Ainsi Mathilde qui voue depuis
toujours une admiration sans limites à son père, elle qui petite, plongeait dans l’eau glacée, marchait
sur le toit du château ou sur le mur écroulé du donjon tandis que son père
dansait avec la sœur aînée, Mathilde prête à tout pour se faire remarquer et
exister à ses yeux devra se sacrifier par amour, préserver coûte que coûte les
liens, annuler les distances, « maintenir une géographie », en
écrivant à chacun des membres de cette famille désormais morcelée et en se
déplaçant à pied pour aller les voir, jusqu’à épuisement.

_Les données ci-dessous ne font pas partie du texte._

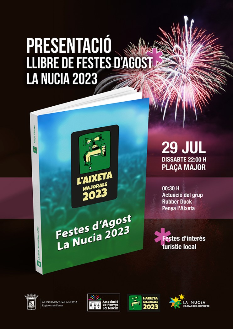 Este sábado 29 de julio a las 22,00 horas els Majorals 2023 Penya l’Aixeta presentarán el “Llibre de les Festes d’Agost 2023” en la plaça Major. En este acto de #LaNuciaEnFestes se dará a conocer las actuaciones musicales, mascletaes, correfoc y resto del programa de actos de les “Festes d’Agost 2023”. La entrada para la presentación del libro de fiestas es libre y gratuita. Con este acto comienza la cuenta atrás para las inminentes “Festes d’Agost” que arrancarán el 14 de agosto y se inicia el “trilogia prefestera nuciera”.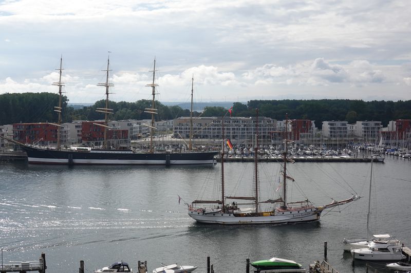 Bei einem Rundgang auf dem Balkon hatten wir Sicht auf die Segelschiffte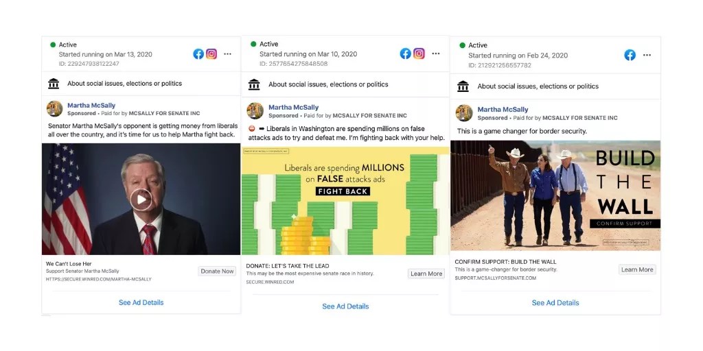 On the same day Arizona’s Republican Senator Martha McSally pledged to suspend political campaigning and “focus 100% of my time on public service” during a national emergency, she launched a new round of Facebook ads for her political campaign, Facebook’s ad library shows.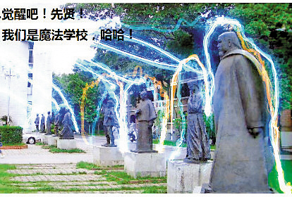 学生“搞怪”———永芳堂前的先贤铜像“变身”(网络截图)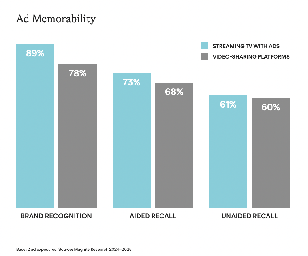 Ad-Supported Streaming Spurs Stronger Recall Than Video-Sharing Platforms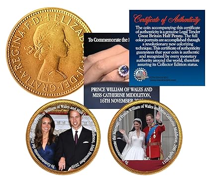 Royal Wedding Prince William Kate British Half Penny 24k Gold 2 Coin Set

J’ai attendu avant d’acheter mon
Valentine Goby, je l’ai retourné dans tous les sens lorsqu’il me faisait de
l’œil chez les libraires… Si quelqu’un m’avait dit : « Tiens,
j’ai acheté le dernier Goby », j’aurais été verte de jalousie. Je me suis
retenue, un bon mois, et puis, mercredi dernier, je suis allée le chercher…

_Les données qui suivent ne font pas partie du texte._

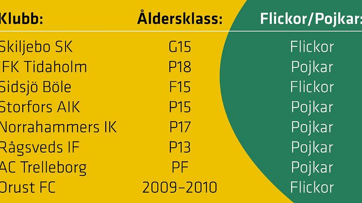 De åtta fotbollslag som får 10 000 kronor vardera i sponsring av Elektroskandia utsågs i maj. Totalt fick Elektroskandia in 45 ansökningar att ta ställning till. Förutom att få en rättvis spridning över hela landet samt ålder och kön har den interna juryn lagt stor vikt vid hur man motiverat varför just deras lag ska få pengarna. En parameter som vägt tungt är att lagen i sin motivering uttryckt att man arbetar för och har fokus på en eller flera av de frågor och globala mål som Elektroskandia och Gothia Cup arbetar för: God hälsa och välbefinnande, Jämställdhet, Minskad ojämlikhet, Bekämpa klimatförändringarna.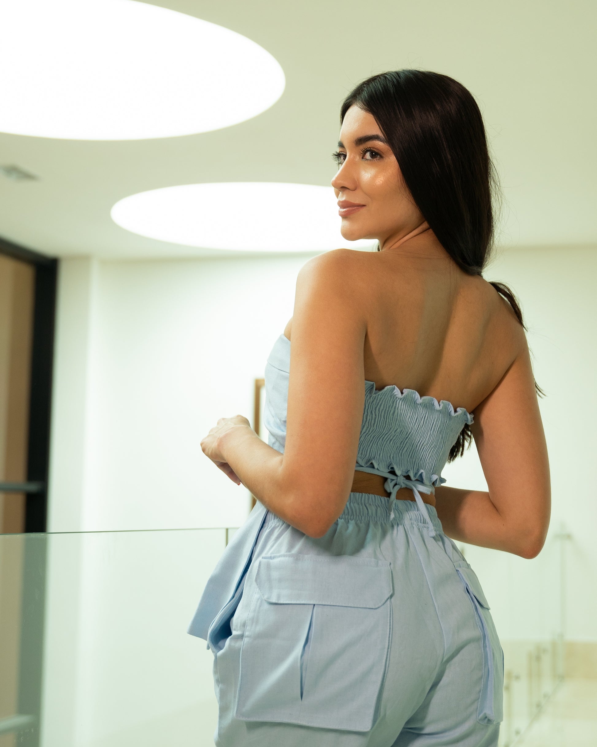 Top strapless, elaborado en Lino Olán. Es largo adelante, encauchado y corto atrás. Para los amantes de lo minimal y el lino.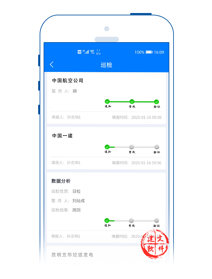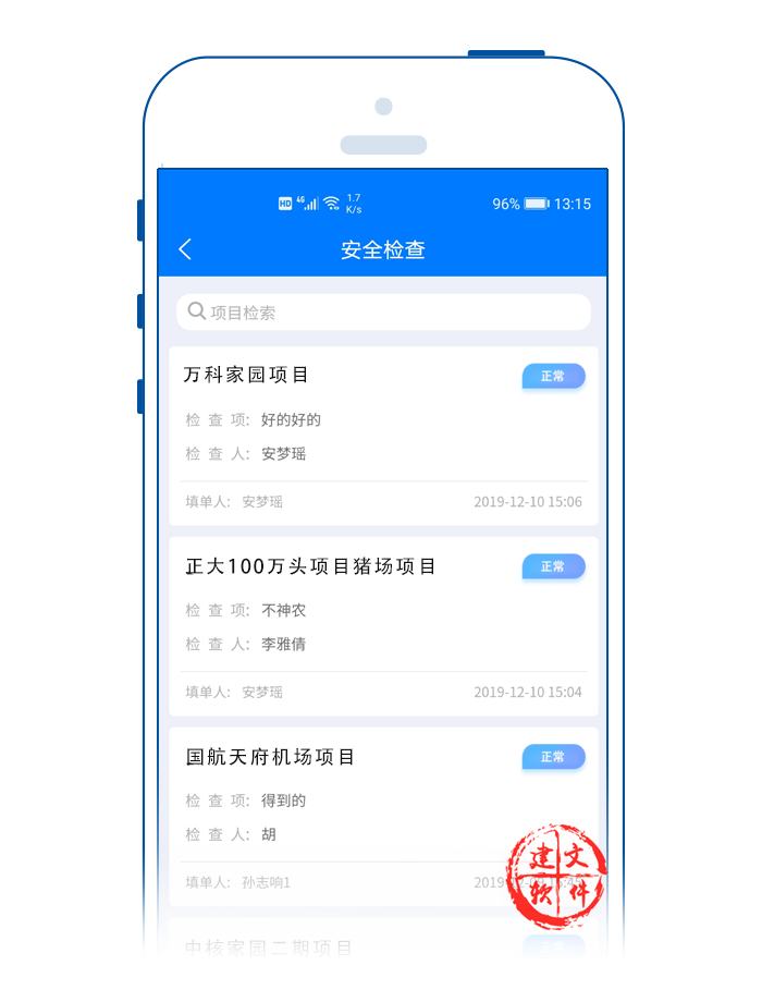 建文app安全檢查APP,支持定期檢查、日常巡回檢查、季節(jié)性檢查和節(jié)假日檢查、班組的自檢和交接檢查;目標(biāo)就是通過手機預(yù)知危險和消除危險。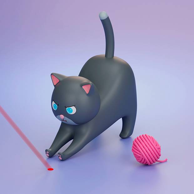 VetoPhylum - illustration 3d d'un chat en train de jouer avec une pelotte de laine et un faisceau laser.

Encore quelques jours à retarder le moment fatidique et je l’ai ouvert. Dès la
première phrase, j’ai su que j’y étais, que je n’allais pas être déçue et
enfin, je me suis laissée aller à ce plaisir tant retardé… « Mathilde
Blanc traverse le cadre des fenêtres. »
Et quel plaisir…enfin… Un
magnifique portrait de femme, Mathilde, celle qui « sourit toujours,
par-dessus l’apocalypse », un être d’une force et d’une volonté
prodigieuse, se donnant sans compter, par amour, prête à entraîner toute sa
famille dans son élan vital, dans ce saut pour s’en sortir… C’est aussi la
peinture d’une famille qui n’a pas profité des progrès de sa génération, des
espèces de laissés-pour-compte, des êtres en marge de leur époque comme
beaucoup d’autres qui n’avaient pas prévu ou qui n’avaient pas les moyens de le
faire, des espèces « d’anachroniques », acteurs d’une tragédie qu’on
pensait achevée.
Et puis, il y a cette écriture,
ce rythme, cette sensualité dans l’évocation des gens, des lieux, des choses.

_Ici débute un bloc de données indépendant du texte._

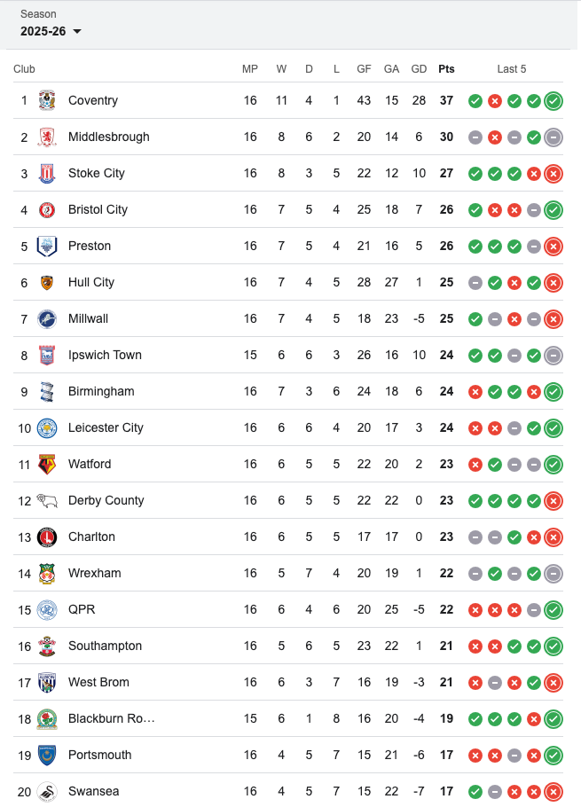This screenshot has been taken on 25/11/25. It might change according to the Championship’s evolution.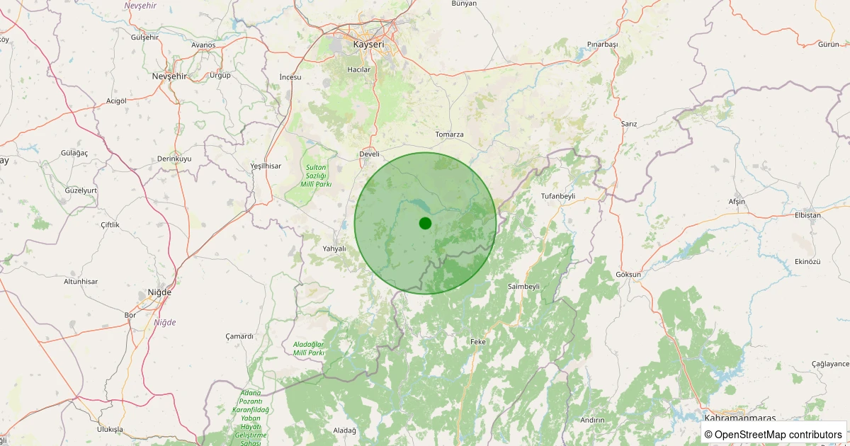 Son 7 gün içinde Develi - Hoşca noktasından 100 km yarıçap içerisinde meydana gelen diğer depremler: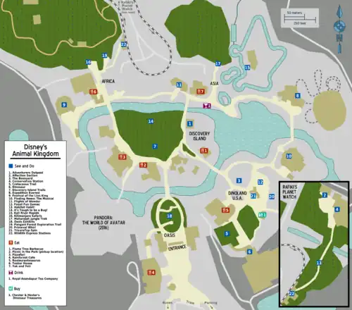 Animal Kingdom has four themed "lands" that surround Discovery Island. The first, clockwise from the Oasis, is Pandora – The World of Avatar, with its floating mountains and bio-luminescent forests. Next is Africa, where the Kilimanjaro Safaris take you into the park's savanna. Asia has the Kali River Rapids and, at its far end, Expedition Everest. Finally, DinoLand U.S.A. is where you'll find Chester & Hester's Dino-Rama and the Dino Institute.
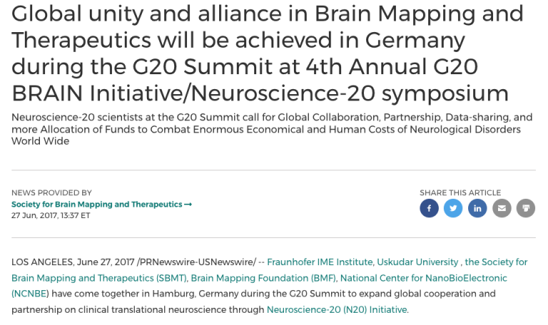 Global unity and alliance in Brain Mapping and Therapeutics will be achieved in Germany during the G20 Summit at 4th Annual G20 BRAIN Initiative/Neuroscience-20 symposium

On a comme l’impression de les toucher, de les voir, de les sentir, d’y être…
Les folles soirées au Balto, les danses endiablées, les promenades de Mathilde
en forêt avec Paulot, ses courses folles dans la nature…
J’ai déjà envie de m’y replonger
et d’y regoûter… Immense coup de cœur de la rentrée…
Une de mes prochaines lectures et à lire ta critique, je me réjouis d'avance. Merci !
RépondreSupprimerQu'est-ce que j'ai aimé ce livre ! Ayant vu le dernier Ken Loach " I Daniel Blake " pendant cette lecture, j'ai fait un parallèle entre les deux œuvres: la guerre et la résistance que doivent mener les simples citoyens face à une administration obtuse, débile et avilissante.